5 Glance的镜像介绍及镜像的状态转换

Image是Glance所管理的主要资源。类似于VMware的VM模板，它预先安装了OS。以下图是镜像的状态演变图。

镜像状态	描述
queued	表示Glance注册表中已保留该图像标识，但还没有图像数据上传到Glance。
saving	表示图像的原始数据正在上传到Glance。
active	表示在Glance中完全可用的图像。
deactivated	表示不允许任何非管理员用户访问图像数据。
killed	表示在上载图像数据期间发生错误，并且图像不可读。
deleted	Glance保留了关于图像的信息，但不再可用。此状态下的图像将在以后自动删除。
pending_delete	Glance尚未删除图像数据。处于此状态的图像无法恢复。

6 Glance的Task

一般来说，对Image的操作有import、export、clone等几种。
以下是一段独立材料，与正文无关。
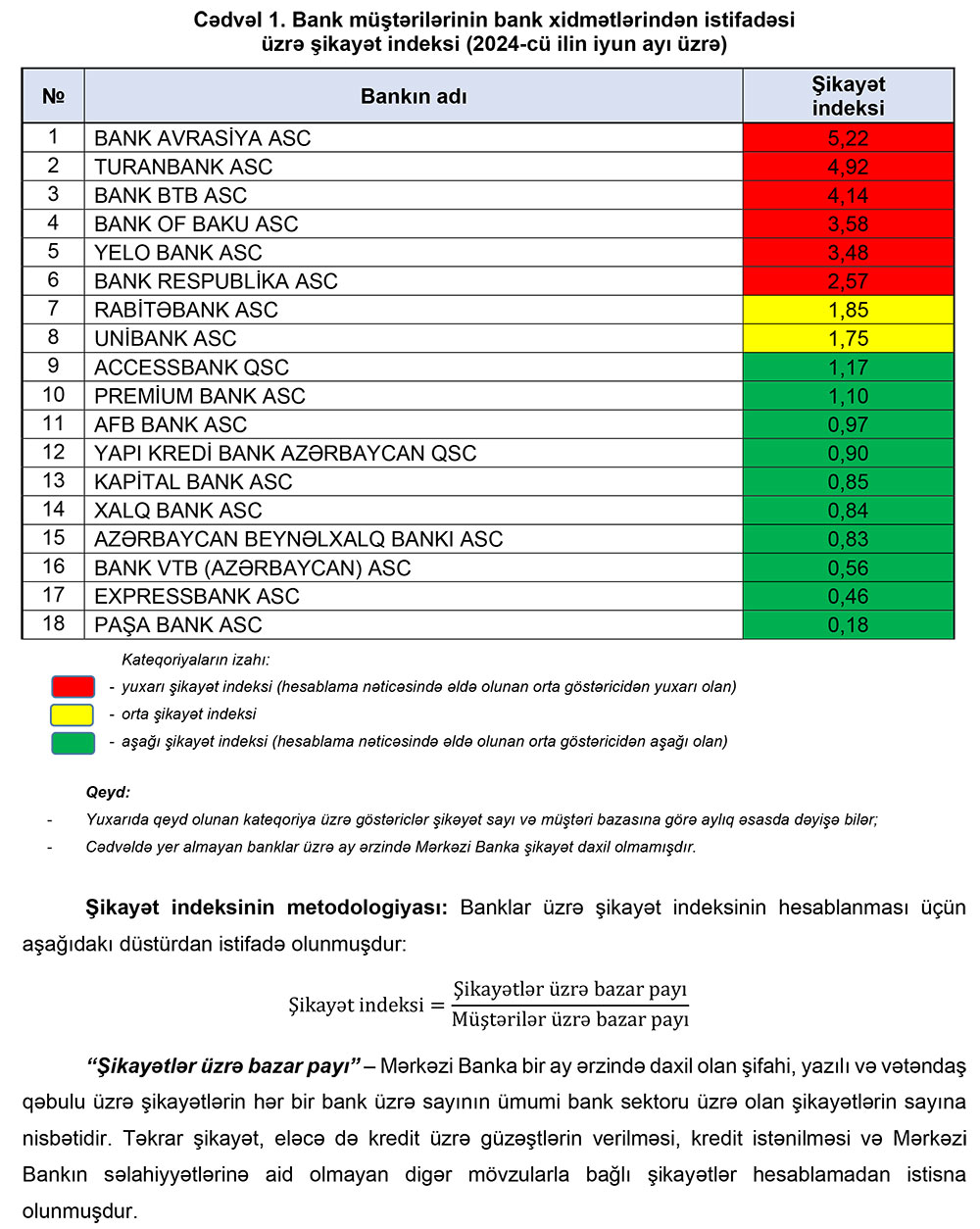 Şikayət indeksinin izahı: İndeks hər-hansı bank tərəfindən göstərilən maliyyə xidmətlərinin həcmi və əhatə dairəsi nəzərə alınmaqla, həmin bankın müştəri xidmətləri ilə bağlı Mərkəzi Banka daxil olan şikayətlərin proporsionallığı prinsipi əsasında hesablanmışdır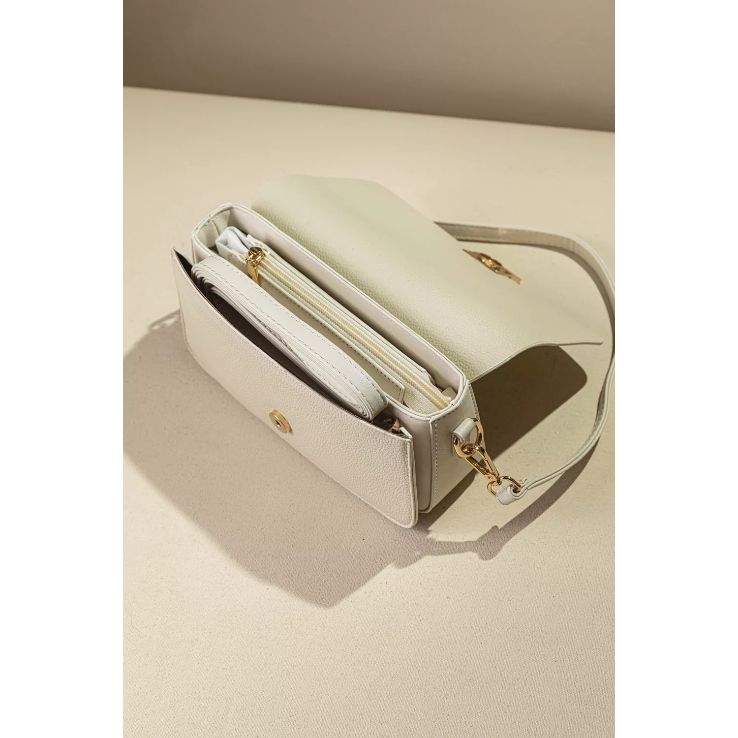 • Κομψή γυναικεία τσάντα σε minimal γραμμή και διαχρονικό σχεδιασμό. Είναι διθέσια προσφέροντας πρακτική οργάνωση για τα καθημερινά σας απαραίτητα. • Διαθέτει κλείσιμο με φερμουάρ για μεγαλύτερη ασφάλεια, το οποίο καλύπτεται διακριτικά κάτω από το καπάκι, συνδυάζοντας λειτουργικότητα και στυλ. • Κατασκευασμένη από υψηλής ποιότητας υλικό με διακριτική ανάγλυφη υφή, που προσδίδει διαχρονική αισθητική και αντοχή. • Το μεταλλικό κούμπωμα σε χρυσό τόνο προσθέτει μια elegant πινελιά. Τα δυο αποσπόμενα "αυτάκια" ένα για ώμο ένα για χιαστί, επιτρέπουν ευέλικτη εφαρμογή. • Μια ευέλικτη επιλογή που συνδυάζει στυλ και πρακτικότητα, ιδανική για όλες τις ώρες της ημέρας.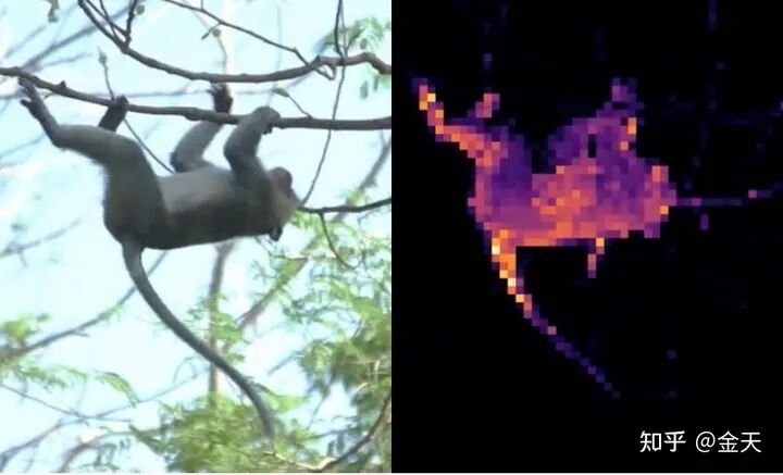 需要注意的是,这个是AttentionMap, dino并没有任何语义的ground truth, 也没有任何类别告诉它这是一只猴子,但是它可以把所有注意力学到在这上面.

Glance把这些操作统一起来抽象出了Task的概念来方便管理。Task是针对Image的异步操作，具有的一些属性包括id、owner、状态等。Glance同时也实现了统一的JSON格式的API来操作这些Task，比如创建、删除、查询状态等。

在Glance中的任务状态有以下几种：

任务状态	描述
pending	表示该任务标识符已被保留给Glance中的任务。还没有开始处理。
processing	表示该任务正在执行中。
success	表示该任务在Glance中已经成功运行。
failure	表示执行任务期间发生错误，并且无法继续处理。

7 Glance组件重要流程分析

7.1 Glance服务启动过程

Glance服务主要包括两个服务，一个是glance-api服务，一个是glance-registry服务。

glance-api服务启动时，其入口是/cmd/api.py里的main函数并给相对应的代码加上了注释：

def main():
    try:
        # 初始化glance.common.config模块的CONF对象
        config.parse_args()
        # 更新所有默认配置值，比如更新oslo.middleware模块的默认值
        config.set_config_defaults()
        # 设置glance.common.wsgi模块的eventlet对象的hub的实现方式，比如poll或select
        wsgi.set_eventlet_hub()
        # 启动该服务日志模块
        logging.setup(CONF, 'glance')
        # 配置该服务事件通知功能的默认值
        notifier.set_defaults()

        # 创建该服务的事件通知功能
        if cfg.CONF.profiler.enabled:
            _notifier = osprofiler.notifier.create("Messaging",
                                                   oslo_messaging, {},
                                                   notifier.get_transport(),
                                                   "glance", "api",
                                                   cfg.CONF.bind_host)
            osprofiler.notifier.set(_notifier)
            osprofiler.web.enable(cfg.CONF.profiler.hmac_keys)
        else:
            osprofiler.web.disable()

        # 初始化glance.common.wsgi模块的Server类
        server = wsgi.Server(initialize_glance_store=True)
        # 用给定的应用程序启动wsgi服务
        server.start(config.load_paste_app('glance-api'), default_port=9292)
        # 等待所有服务运行完毕
        server.wait()
    except KNOWN_EXCEPTIONS as e:
        fail(e)

if __name__ == '__main__':
    main()

对于这行代码：

config.load_paste_app('glance-api')，

它的功能是根据paste配置文件建立并返回一个WSGI应用程序。glance-api的paste配置文件是源代码中的/etc/glance-api-paste.ini，并根据传入的参数”glance-api”来找到对应的配置：

[pipeline:glance-api]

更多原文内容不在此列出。